Ok, thanks for the info.

> As I said, the test case is written in an endianess-neutral way,

>

>     static const uint16_t insns[] = {

>       /* 1d ee 70 7f	 mrc	15, 0, r7, cr13, cr0, {3} */

>       0xee1d, 0x7f70,

>     };


If my assumption above is right, everything looks right until extract_arm_insn.
The 4-byte instruction is extracted with

  insn_record->arm_insn = (uint32_t) extract_unsigned_integer (&buf[0],
                           insn_size,
			   gdbarch_byte_order_for_code (insn_record->gdbarch));

Since the instruction is extracted as a single 4-byte value, on little endian,
extract_arm_insn leaves insn_record->arm_insn equal to 0x7f70ee1d.  On big
endian, it leaves it equal to 0xee1d7f70.  Hence the need for the word swapping
you show below.

In my opinion, it should be extract_arm_insn's responsibility to leave
insn_record->arm_insn with a consistent value regardless of the target/host
endiannesses.  The easiest way would be to read the instruction as two 16-bit
integers instead of one 32-bit one.  Or we can still do the word swap shown below
(only if the code is little endian), but at least I think it would make more sense
to do it in extract_arm_insn.

>

> but the arm process recording processes thumb-2 instruction as one

> 32-bit instruction, so that it has this,

>

> 	  /* Swap first half of 32bit thumb instruction with second half.  */

> 	  arm_record->arm_insn

> 	    = (arm_record->arm_insn >> 16) | (arm_record->arm_insn << 16);


> I wonder this is the cause of the test fail, that is, we don't need to

> swap them in big endian.  Since I've never run GDB tests on arm big

> endian target, I am not very confident on my fix below.  It fixes the

> test fail on ppc64, and also the fail with your patch to change the test

> with two different endianess.


What do you think about the patch below?  Functionally, it should be identical
to what you suggested, but I think it's clear to fix extract_arm_insn instead.

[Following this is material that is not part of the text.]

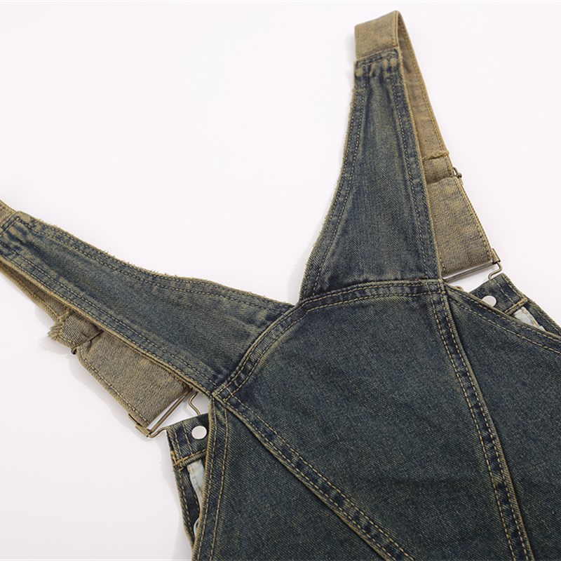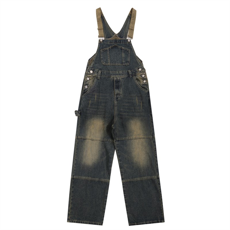 美式街头重磅做旧水洗工装牛仔背带裤男女宽松连体工装阔腿直筒裤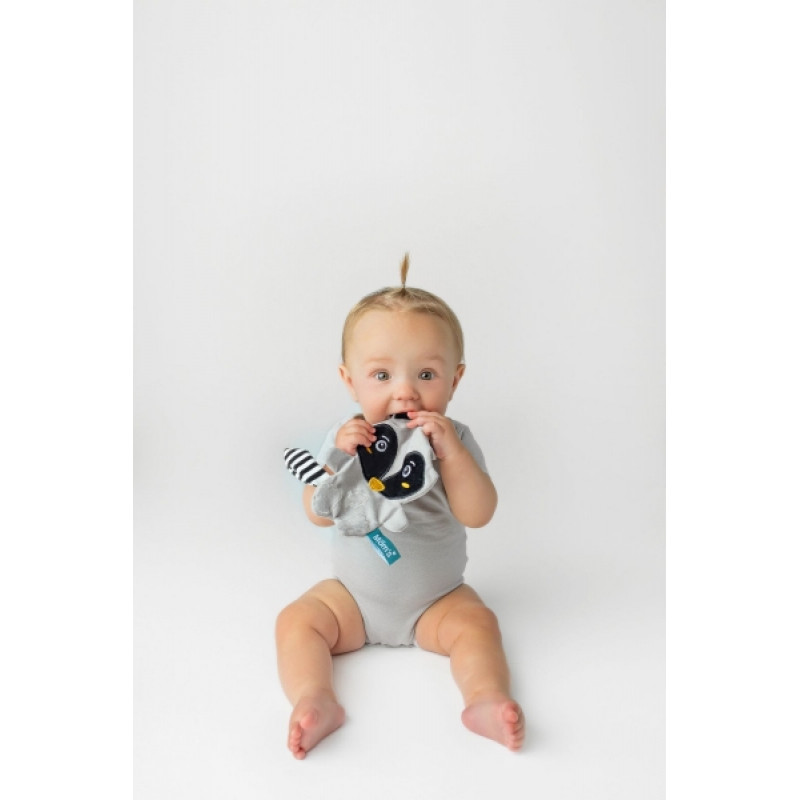 Šušťanie je vyplnené šuštiacou fóliou, ktorej jemný zvuk priťahuje pozornosť tých najmenších, poskytuje sluchové podnety. Jemné šušťanie bábätko upokojuje, pretože mu pripomína zvuky, ktoré počulo v mamičkinom brušku. Farebná visačka a kontrastný chvost stimulujú správny rozvoj uchopenia, jemnej motoriky a koordinácie oko-ruka. Vyšívaná tvár mývala Pedra vykúzli úsmev na tvári vášho najmenšieho. Šeľasť je ľahký a ľahko sa drží, takže môže vaše dieťa sprevádzať od prvých chvíľ ako v posteli, tak na prechádzke.

From 925b2f54e53f39b8713dccc7788b3f10fccc374c Mon Sep 17 00:00:00 2001
From: Simon Marchi <simon.marchi@ericsson.com>

Date: Mon, 12 Mar 2018 11:28:29 -0400
Subject: [PATCH] extract_arm_insn: Read 32-bit instruction as two 16-bit words

---
 gdb/arm-tdep.c | 23 +++++++++++++++--------
 1 file changed, 15 insertions(+), 8 deletions(-)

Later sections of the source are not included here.